Bit Twiddling Hacks (2005) - thealphanerd
http://graphics.stanford.edu/~seander/bithacks.html

======
fubarred
Neat. Also here's some other sources beyond the usual CS bookshelf suspects:

[http://www.hackersdelight.org/](http://www.hackersdelight.org/)

[http://www.inwap.com/pdp10/hbaker/hakmem/hakmem.html](http://www.inwap.com/pdp10/hbaker/hakmem/hakmem.html)

(We recently had to grab the C standards in order to bust out some integer
under/overflow macros that wouldn't be brittle.)

------
viraptor
There's also a lot of 64-bit hacks on pages related to chess programming (8x8
boards). For example:
[https://chessprogramming.wikispaces.com/Bitboards](https://chessprogramming.wikispaces.com/Bitboards)
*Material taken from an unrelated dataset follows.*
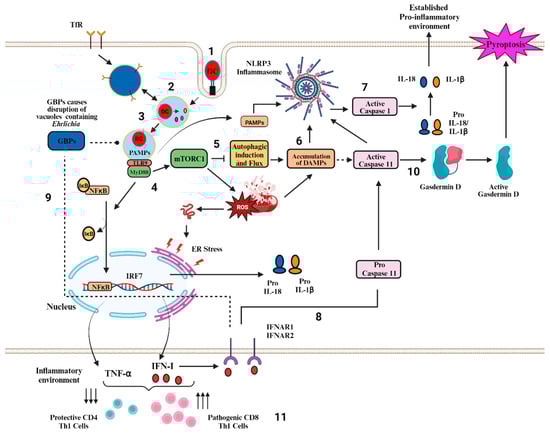 Model of Activation of canonical and non-canonical Inflammasome Pathways during severe and potentially fatal Ehrlichia infection. (1) Dense core cells enter macrophages. (2) Bacteria replicate within an Ehrlichia-containing vacuole (ECV) resembling early endosomes, secreting type I and type IV secretion system effectors including TRP32, TRP47, TRP120, and Ank200. (3) Dense core cells differentiate into reticulate cells and fuse with TfR endosomes to acquire iron and disrupt host cell signaling. (4) Ehrlichia PAMPS or DAMPS generated in infected cells such as mitochondrial DAMPS induces TLR9/MYD88 downstream targets, activating the NF-κB pathway. Activated NF-κB acts as a transcription factor to upregulate NLRP3, TNF-α, pro-caspase 1/11, pro-IL-1β, and pro-IL-18 providing the first signal required for the activation of canonical inflammasome pathway. (5) MYD88 signals in infected macrophages also cause a block of autophagy induction via mTORC1 activation as well as blocking autophagy flux causing defective mitophagy and mitochondrial damage/dysfunction and ER stress. (6) MyD88 mediated block of autophagy flux triggers an accumulation of DAMPS such as mtDNA or ROS. (7) Canonical NLRP3 inflammasome activation occurs via unknown mechanisms, but it may involve recognition of DAMPs and/or Ehrlichia PAMPs secreted to the cytosol via type I and type IV secretion systems. NLRP3 signaling leads to Caspase 1 activation and the subsequent cleavage of pro-IL1β and pro-IL-18 into their mature forms. (8) Ehrlichia also triggers the upregulation of IRF7 and the production of Type I IFN cytokines, which signal via the type I IFN receptor (IFNAR) and positively regulate activation of non-canonical inflammasome pathways leading to Caspase 11 activation. (9) The PAMPs that trigger Caspase 11 activation during infection with LPS negative Ehrlichia is unknown, but it is possible that IFN-1 and IFNAR signaling induce GBPs, which may disrupt Ehrlichia-containing vesicles, releasing PAMPs to the cytosol. (10) Activation of the non-canonical inflammasome pathway marked by Caspase 11 activation leads to the cleavage of Gasdermin D and a release of IL-1β and IL-18 in addition to pyroptosis of the host cells causing tissue damage. (11) Excessive inflammation secondary to inflammasome activation, together with inflammatory cell death promotes the expansion of pathogenic cytotoxic CD8+ T cells, causing further cytotoxic cell death and extensive tissue damage. The MYD88-induced block of autophagy may negatively impact MHC-II antigen presentation and may lead to the attenuated activation and proliferation of protective CD4+ Th1 cells, which in turn promote bacterial replication and dissemination. (Biorender.com, (accessed on 1 October 2023)).

And my faviourite bit hack question on SO:
[https://stackoverflow.com/questions/14537831/isolate-
specifi...](https://stackoverflow.com/questions/14537831/isolate-specific-row-
column-diagonal-from-a-64-bit-number)

------
new299
It's an awesome page.

I would guess one of the reasons it's here though is that it's almost required
reading for Google interviews, #DetermineIfPowerOf2 is a particular favorite.

------
drv
Another resource in the same vein (it links to this page, among others):

[http://aggregate.org/MAGIC/](http://aggregate.org/MAGIC/)

------
dang
This has been popular over the years, but hasn't had attention on HN in a
while:

[https://hn.algolia.com/?q=bit+twiddling+hacks#!/story/foreve...](https://hn.algolia.com/?q=bit+twiddling+hacks#!/story/forever/0/bit%20twiddling%20hacks)

We put 2005 on it, though the Internet Archive says there were earlier
versions.

------
aosmith
He should pay bounties in BTC...